What this tells us is that the omega-3/omega-6 story is complicated by the saturated fat content of the diet and subsequent liver function. High saturated fat diets increase (bad) LDL content and reduce the anti-inflammatory and antioxidant capacities of the liver. Diets lower in saturated fat and higher in omega-6 and omega-3 fats encourage antioxidant and anti-inflammatory activity.

Diets high in animal products (including fish) are also high in saturated fats.

We also know that diets high in monounsaturated fats—such as the famous Mediterranean Diet—are also associated with significant anti-inflammatory effects. Mediterranean diets contain higher levels of monounsaturated fats like oleic acids (omega-9) as well as higher proportions of fruits and vegetables, and lower proportions of saturated fats (Basu et al. 2006).

High saturated fat diets are also associated with increased obesity, and a number of studies have shown that obesity is directly related to inflammatory diseases. High saturated fat diets and diets high in trans fatty acids have also been clearly shown to accompany higher levels of inflammation and in-flammatory factors such as IL-6 and CRP (Basu et al. 2006).

The proposal that the human body requires fish to be healthy is far from correct. Overfishing now endangers our ocean populations. Fish now contain many toxins such as mercury and DDT. Microalgae that produce DHA are farmed in sterile tanks with no risk of toxicity or stress on the environment.


Myth #4: Mad Cow Disease is contained.
Debunk:
Mad cow disease or BSE (Bovine spongiform encephalopathy) has occured amongst cow herds in most countries in Western Europe, and also Canada, U.S, and Japan.  It was initially thought that it was contained in England, but shortly after the mass epidemic in the U.K., it has spread to other countries in Western Europe, and to North America. The disease occurs when cows are fed meat in their meal. Cows are by nature, herbivores, so feeding them meat is completely outside of their innate immune system.

The disease causes massive brain and nervous system collapse, resulting in death. The disease also is known to incubate without symptoms for many years.

Humans who eat meat from infected cows will suffer the same fate. It has killed 166 people in Britain and 44 people in other countries as of late 2009. In humans, the disease is called varient Creutzfeldt–Jakob disease. Its prion protein eat away at the brain and spinal cords, turning them both into a spongy pulp.
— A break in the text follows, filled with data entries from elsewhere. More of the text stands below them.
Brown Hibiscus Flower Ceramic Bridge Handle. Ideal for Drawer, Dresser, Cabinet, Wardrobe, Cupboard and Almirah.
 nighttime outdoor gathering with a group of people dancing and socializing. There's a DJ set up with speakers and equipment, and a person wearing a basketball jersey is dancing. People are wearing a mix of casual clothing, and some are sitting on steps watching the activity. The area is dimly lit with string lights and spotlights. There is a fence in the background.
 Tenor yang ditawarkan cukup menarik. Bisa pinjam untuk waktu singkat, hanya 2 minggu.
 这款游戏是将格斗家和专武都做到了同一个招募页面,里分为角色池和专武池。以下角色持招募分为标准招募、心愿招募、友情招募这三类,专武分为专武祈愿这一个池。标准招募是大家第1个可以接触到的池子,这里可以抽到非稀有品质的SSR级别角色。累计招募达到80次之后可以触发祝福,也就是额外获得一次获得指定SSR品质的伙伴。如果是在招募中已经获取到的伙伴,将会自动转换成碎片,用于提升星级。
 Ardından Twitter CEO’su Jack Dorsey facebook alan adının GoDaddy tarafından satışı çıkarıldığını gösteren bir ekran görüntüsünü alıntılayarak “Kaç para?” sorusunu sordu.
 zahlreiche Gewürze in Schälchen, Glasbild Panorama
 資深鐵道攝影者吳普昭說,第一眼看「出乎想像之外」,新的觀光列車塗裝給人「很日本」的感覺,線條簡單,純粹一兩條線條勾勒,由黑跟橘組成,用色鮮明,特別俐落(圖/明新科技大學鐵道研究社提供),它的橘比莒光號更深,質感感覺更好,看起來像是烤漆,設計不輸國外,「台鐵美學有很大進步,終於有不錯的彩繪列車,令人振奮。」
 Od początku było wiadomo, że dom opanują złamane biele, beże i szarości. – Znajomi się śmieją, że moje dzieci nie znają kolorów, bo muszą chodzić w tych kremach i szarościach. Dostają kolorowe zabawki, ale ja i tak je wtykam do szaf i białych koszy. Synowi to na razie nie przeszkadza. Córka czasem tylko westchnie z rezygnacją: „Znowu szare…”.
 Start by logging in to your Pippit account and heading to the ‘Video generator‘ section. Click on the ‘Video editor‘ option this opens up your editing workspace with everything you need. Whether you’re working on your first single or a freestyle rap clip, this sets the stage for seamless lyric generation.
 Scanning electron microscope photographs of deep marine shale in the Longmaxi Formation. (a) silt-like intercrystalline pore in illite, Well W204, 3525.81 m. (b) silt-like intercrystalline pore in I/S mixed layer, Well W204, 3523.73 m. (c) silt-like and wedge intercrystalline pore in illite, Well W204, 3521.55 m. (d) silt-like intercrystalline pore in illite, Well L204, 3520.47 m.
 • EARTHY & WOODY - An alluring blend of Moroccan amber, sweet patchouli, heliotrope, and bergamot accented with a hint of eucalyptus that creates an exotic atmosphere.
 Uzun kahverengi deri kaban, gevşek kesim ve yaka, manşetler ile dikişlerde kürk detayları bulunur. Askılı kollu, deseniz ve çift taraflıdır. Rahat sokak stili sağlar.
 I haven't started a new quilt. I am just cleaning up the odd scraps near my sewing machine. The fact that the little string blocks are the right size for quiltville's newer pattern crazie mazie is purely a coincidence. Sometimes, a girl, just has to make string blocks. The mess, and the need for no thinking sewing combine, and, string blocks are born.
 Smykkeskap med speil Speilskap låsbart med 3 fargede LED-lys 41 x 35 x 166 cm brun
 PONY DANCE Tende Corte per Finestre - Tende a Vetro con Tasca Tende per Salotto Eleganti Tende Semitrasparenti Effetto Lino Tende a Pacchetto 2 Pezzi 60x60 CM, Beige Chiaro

While the U.S. has now banned feeding animal byproducts to cows, it is widely thought the practice continues, and the FDA or USDA only does spot testing for BSE. Canadian food officials are more serious about BSE, and have thus uncovered 15 cases of BSE among their herds (which are much smaller than herds in the U.S.). There have been 3 known cases of BSE among U.S. herds.

Scientists estimate that over 400,000 cows infected with BSE entered the food system in the 1980s. The incubation period for BSE has been known to be decades. It is unknown how many people may be carrying the incubating CJD disease.

Noting many recent cases among herds throughout Europe and North America, it is unknown how much BSE may be circulating among current herds as well.
 

Charles Weissman from the Scripps Institute, has found that BSE prions are mutating as they have been assimilated into the food chain and been exposed to new environments and new species. BSE is extremely difficult to purge. Even burning a carcus will leave infective BSE proteins in the remains.